Just so that I know I have the foundations right. If there was no current flowing at all, would the pd be 0V. I guess my question is this: If the circuit is truly in complete(no current flow at all) is there any voltage across it? I think no, right?

From Insight 2010

For this question, friction on the container is 1000N.

Would the equation I set up look like this:

10000-7000-1000=2400a

I think it is almost correct, just change the 2400 to 1400.





up the incline.

I think this is it

But since we're doing F=ma on the whole system, don't we have to consider both masses?
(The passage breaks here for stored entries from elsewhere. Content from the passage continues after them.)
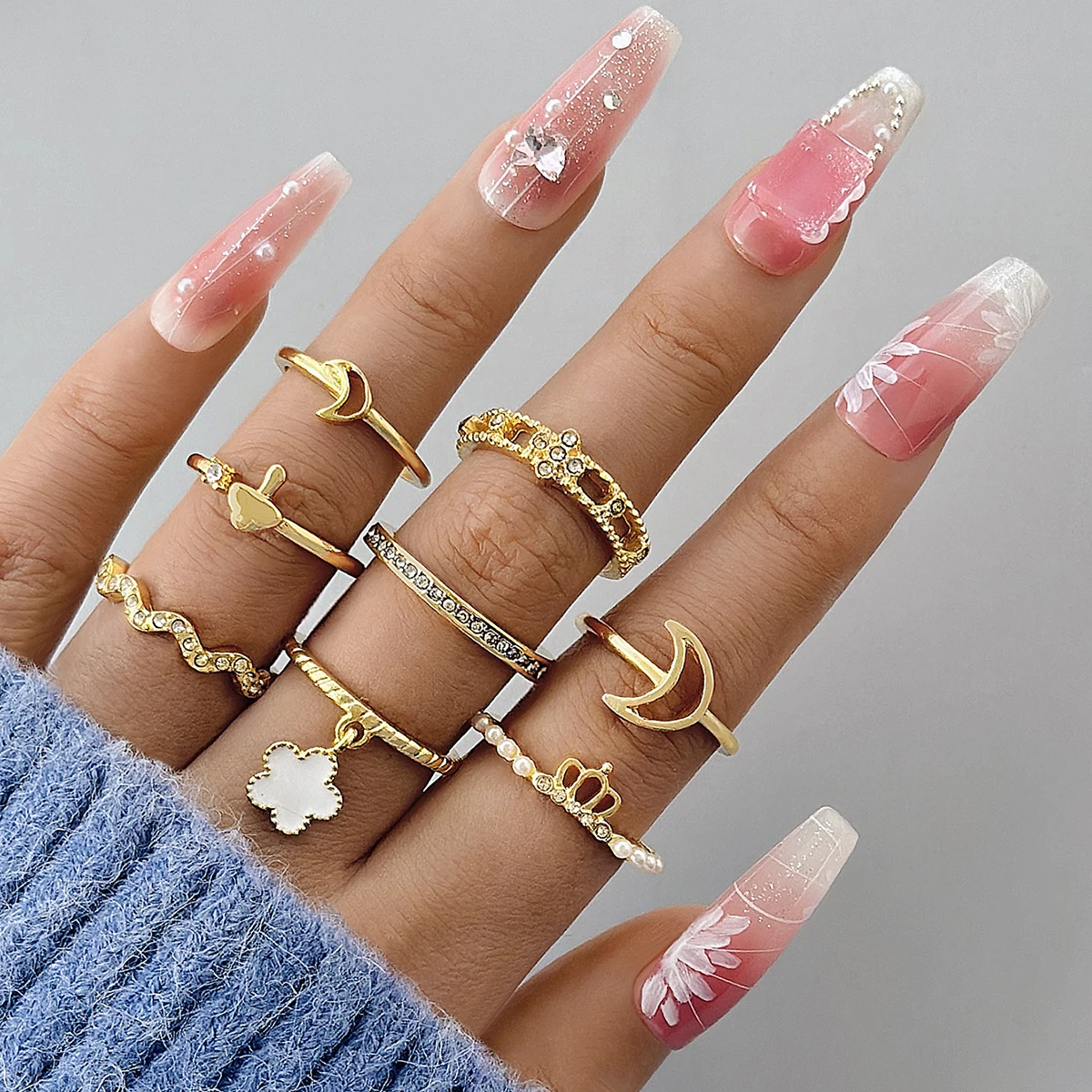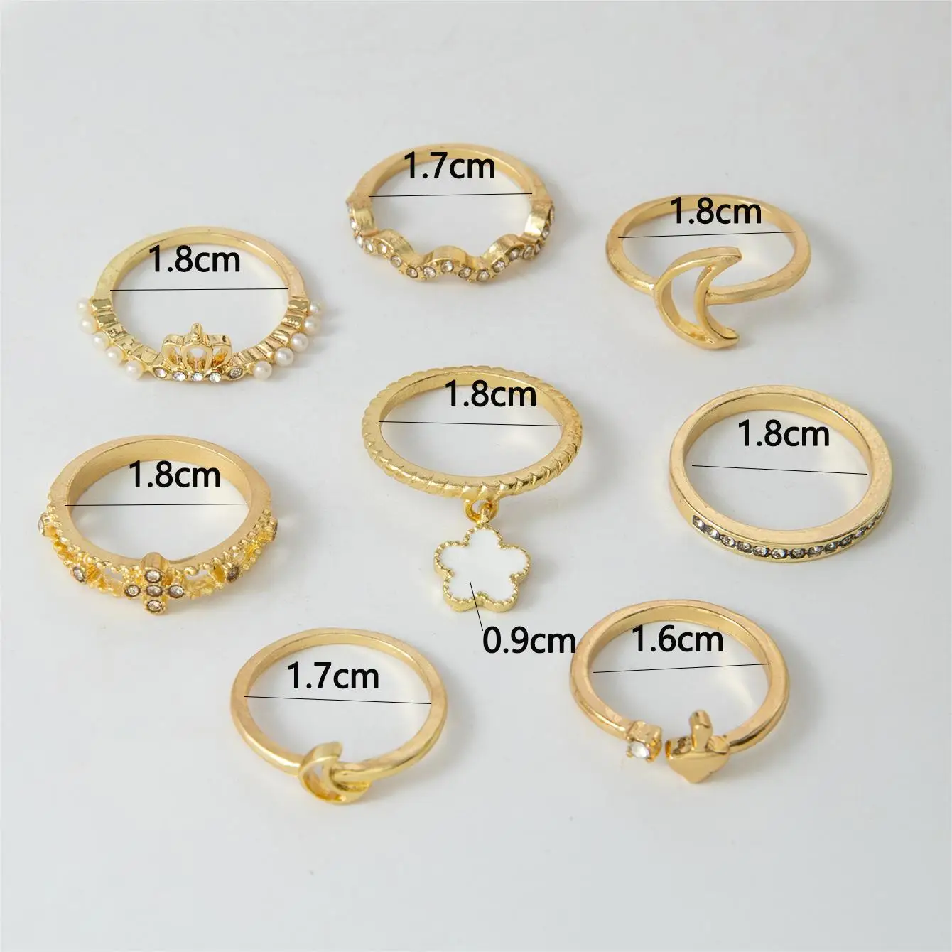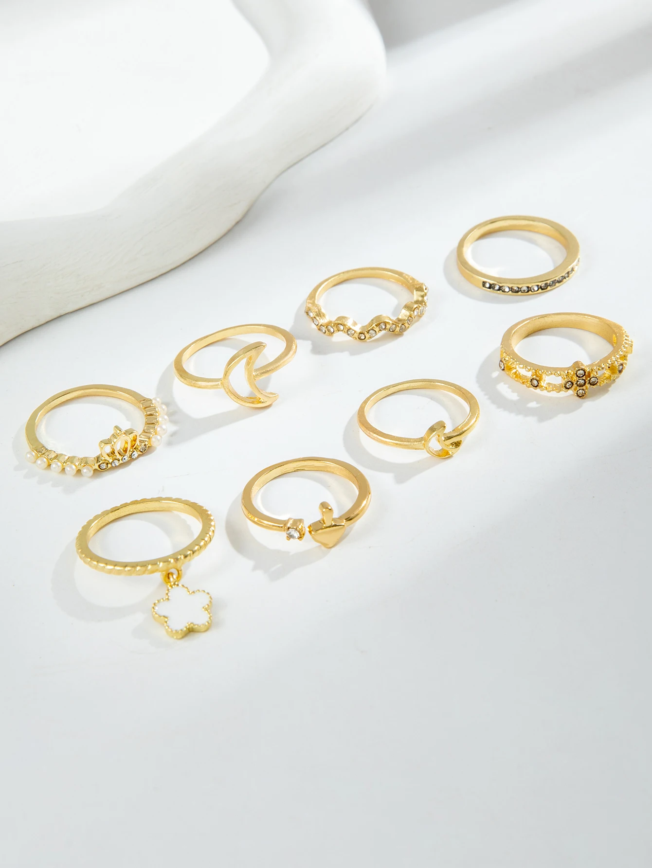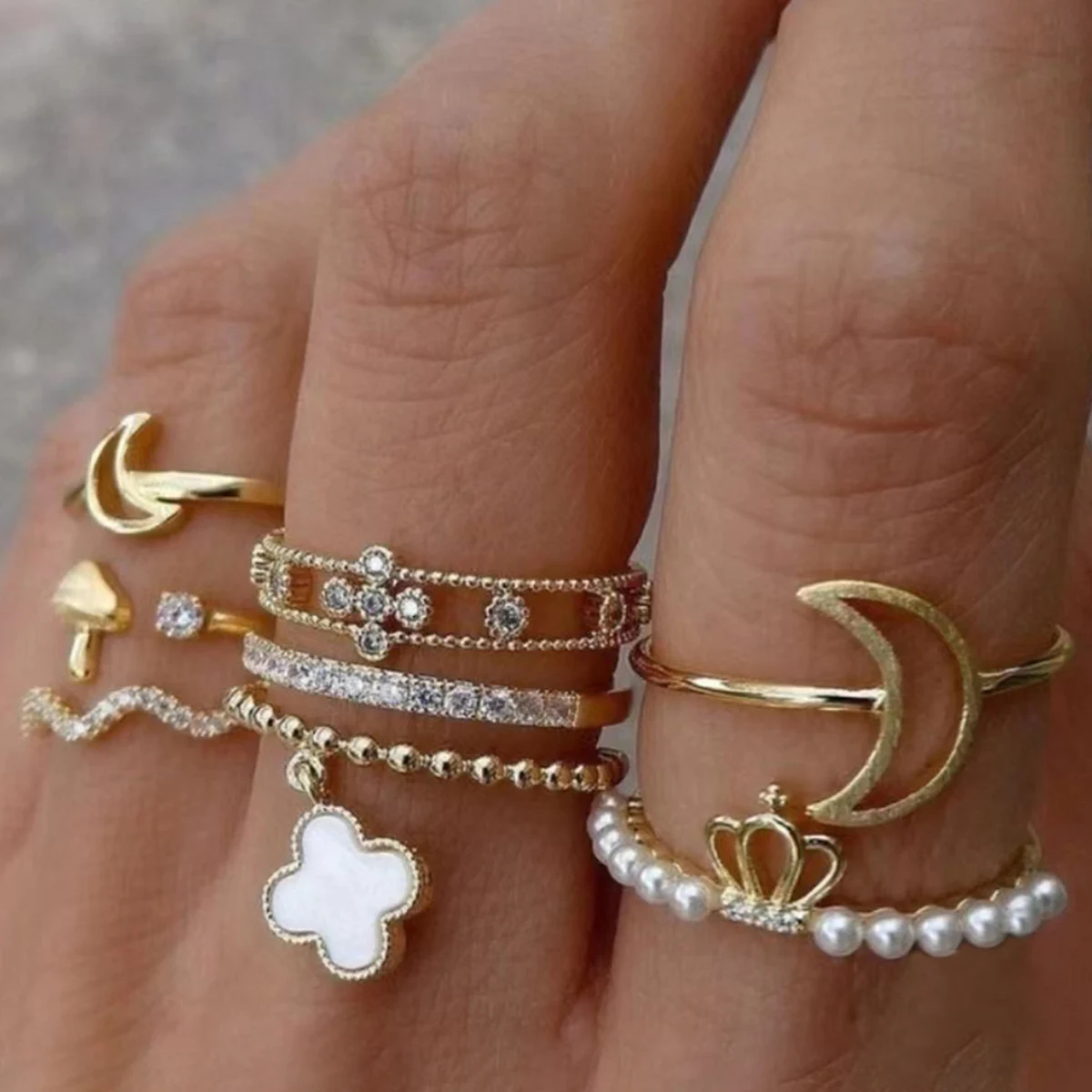 Fleepmart Flower Finger Ring Sets for Women Simple Crescent Moon Metal HollowPoint Drill Jewelry Party Anillos 8Pcs/Set
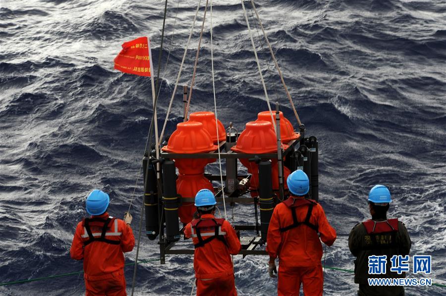 考察隊(duì)員在“沈括”號(hào)上布放“彩虹魚(yú)”著陸器(12月15日攝)。
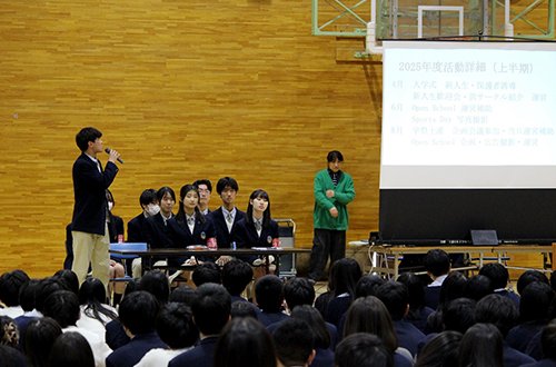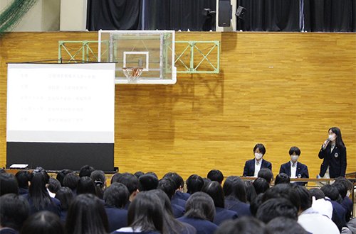 生徒会長からのあいさつの後,生徒会活動報告および各委員会活動報告が行われ,これまでの取り組みや成果,今後の活動について全校で共有しました。各委員会の発表では,それぞれの役割や日頃の活動内容が具体的に示され,生徒一人ひとりが学校生活を支える仕組みについて理解を深める機会となりました。また,生徒会本部より,NU祭準備委員会の活動内容を受け,名称変更の提案がありました。

You're not considering the whole system though. You want the acceleration of the thing on the slope, and you have found the net force on it. So you need to divide by that mass. Have you done VCAA 08? I remember screwing the first question up for exactly this reason.

[qwertyda2nd]

The TSSM '09 paper substituted in the normal force of an inclined plane, N=mgsin(theta). But this assumes there is downward motion, or a friction force acting to stop the car, this may be why they substituted it in, as they state that there is no friction acting downwards, and in the previous stages of the question you were asked to draw a friction force acting up the hill.
This wasn't stated very clearly in the question, and i think that in the exam they will ask questions clearer than that.

[kyzoo]

Hmmmm...I think it's possible to have a potential difference between two points without a current running between the two points. It's just that that the potential difference doesn't do anything until you make a conduction path between the two points.

[cipherpol]

Ah, yeh, I remember that question. It just seems weird that the thing on the slope is accelerating at a different rate compared to the weight when you do it like this.

Thanks m@tty

[kyzoo]

Hmm is relative velocity on the exam? Or is that old study design stuff?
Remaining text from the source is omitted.